Sean-Patrick Riechers, Ulf Stahl, Christine Lang
Department of Microbiology and Genetics, Institute for Biotechnology, Technische Universität Berlin, Gustav-Meyer-Allee 25, D-13355 Berlin, Germany.
Journal of cellular biochemistry 2009 Feb 1The yeast Saccharomyces cerevisiae is a standard model system to study endocytosis. Here we describe the examination of a representative subset of deletion mutants to identify and locate steps in endocytic transport, endosomal/lysosomal acidification and in intracellular transport of hydrolases in non-viral transfection processes. When transport in late endocytosis is inhibited, transfection efficiency is significantly enhanced. Similarly, transfection efficiency is enhanced when the pH-value of the endosomal/vacuolar system is modified. Transfection efficiency is furthermore elevated when the N+/K+ transport in the endosomal system is disturbed.

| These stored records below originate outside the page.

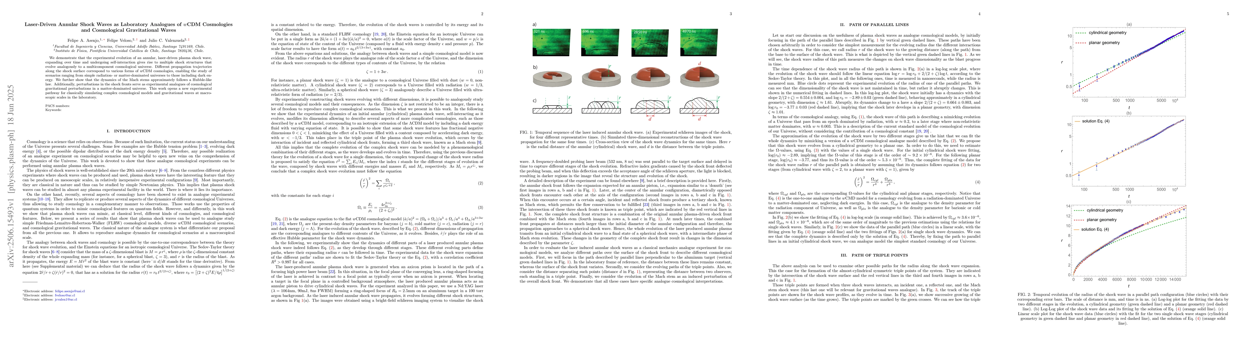 We demonstrate that the experimental evolution of an annular, laser-driven plasma shock wave, expanding over time and undergoing self-interaction gives rise to multiple shock structures that evolve analogously to a multicomponent cosmological universe. Different propagation trajectories along the shock surface correspond to various forms of $w$CDM cosmologies, enabling the study of scenarios ranging from simple radiation- or matter-dominated universes to those including dark energy. We further show that the dynamics of the Mach stems approximately follows a Hubble-like law. Additionally, perturbations in the shock fronts serve as experimental analogues of cosmological gravitational perturbations in a matter-dominated universe. This work opens a new experimental pathway for classically simulating complex cosmological models and gravitational waves at macroscopic scales in the laboratory.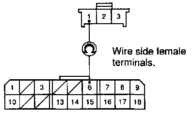 32. Check resistance between the No. 6 terminal of the SRS main harness 18P connector and No. 1 terminal of the SRS main harness 3P connector; there should be 0 - 1.0 Ohm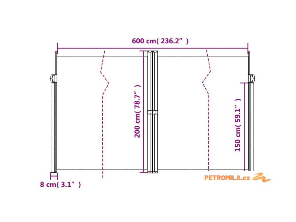 - Praktický design: Díky výsuvné konstrukci se zahradní zástěna po vyjmutí úchytu ze sloupku automaticky sroluje zpět.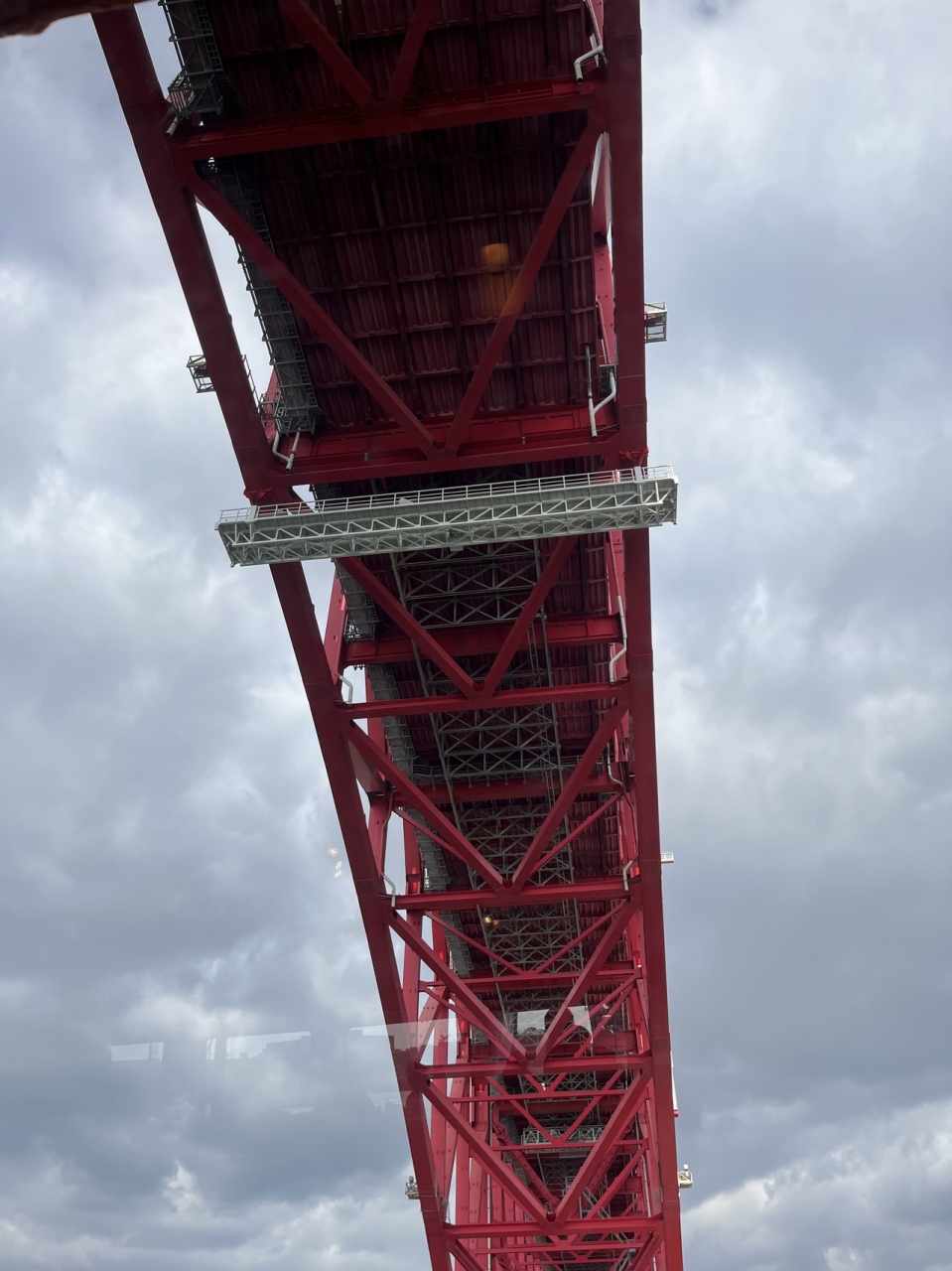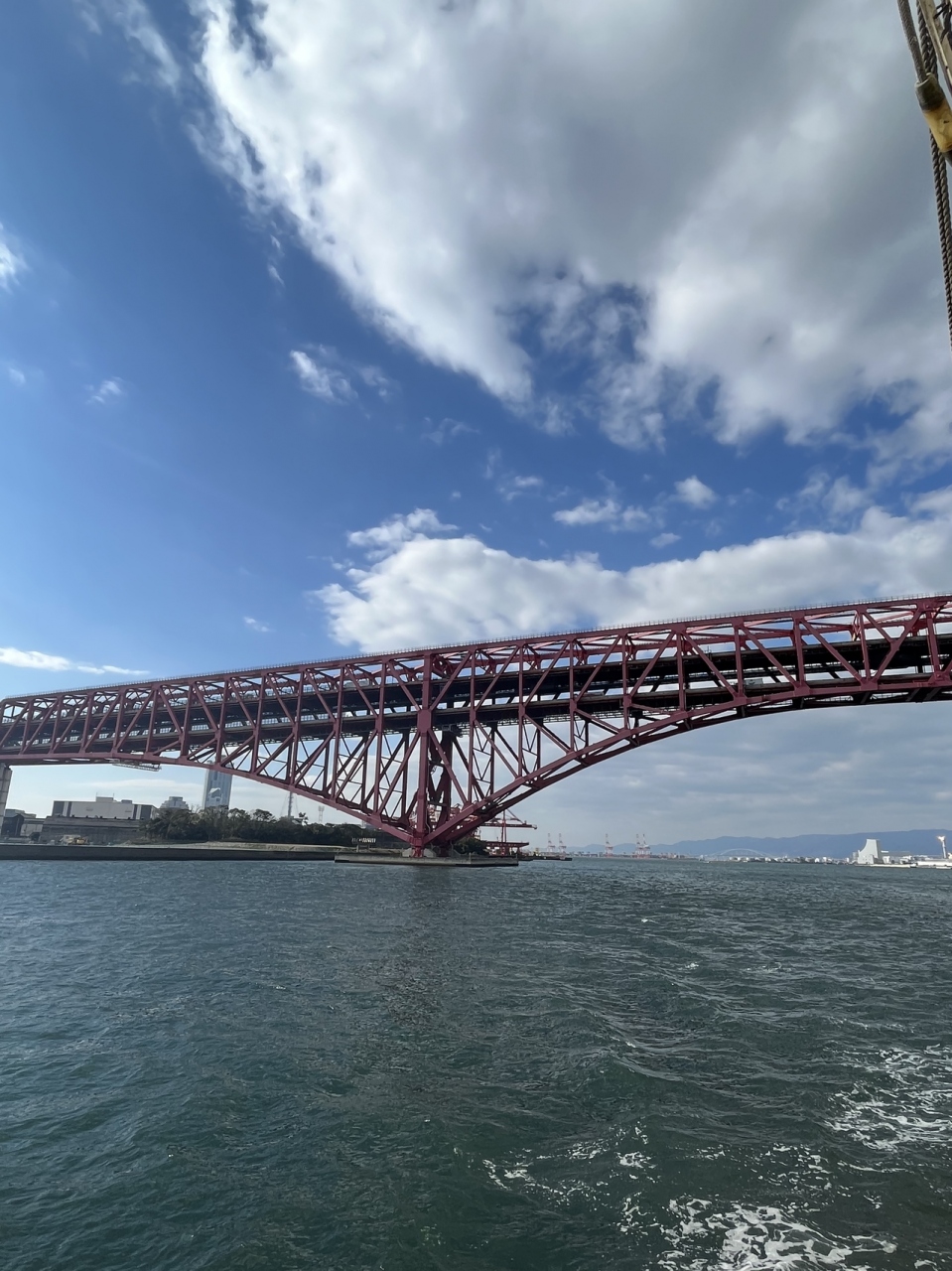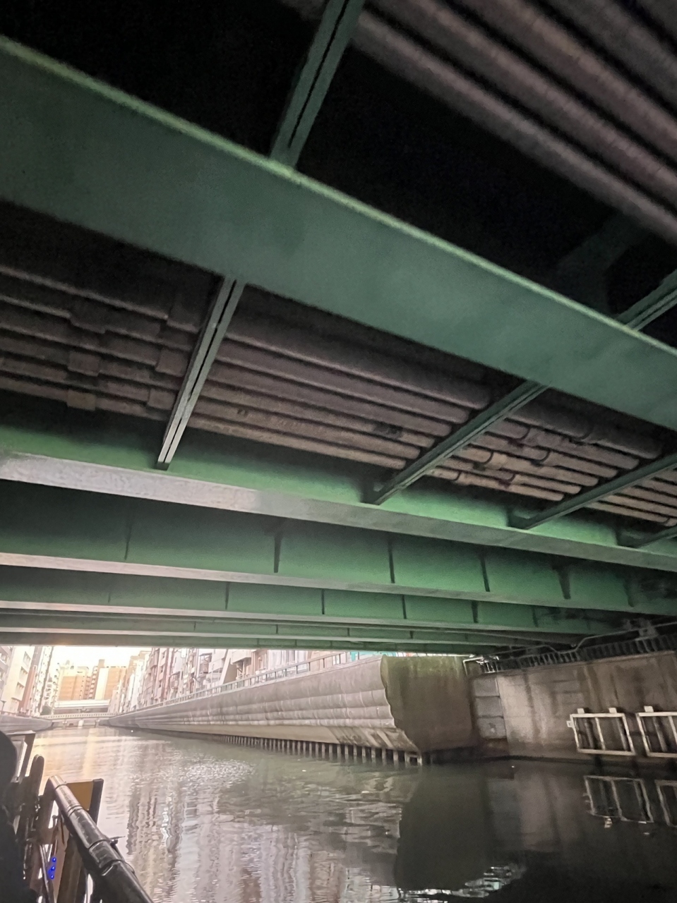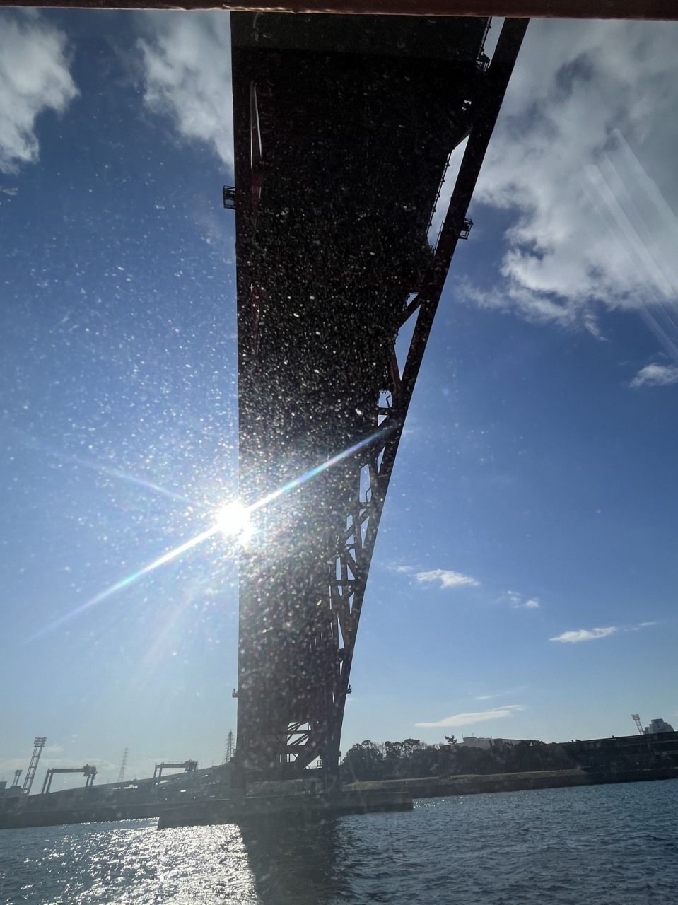 緑色の橋の下を クルーズ船で くぐり抜けたので、

Finally, we observe enhanced transfection efficiency in mutants disturbed in the CVT/autophagy pathway and in hydrolase transport to the vacuole. In summary, non-viral transfection efficiency can be significantly increased by either (i) inhibiting the transport of endocytosed material before it enters the vacuole, or (ii) inducing a non-natural pH-value of the endosomal/vacuolar system, or (iii) slowing down degradative processes by inhibiting vacuolar hydrolases or the transport between Golgi and late endosome/vacuole.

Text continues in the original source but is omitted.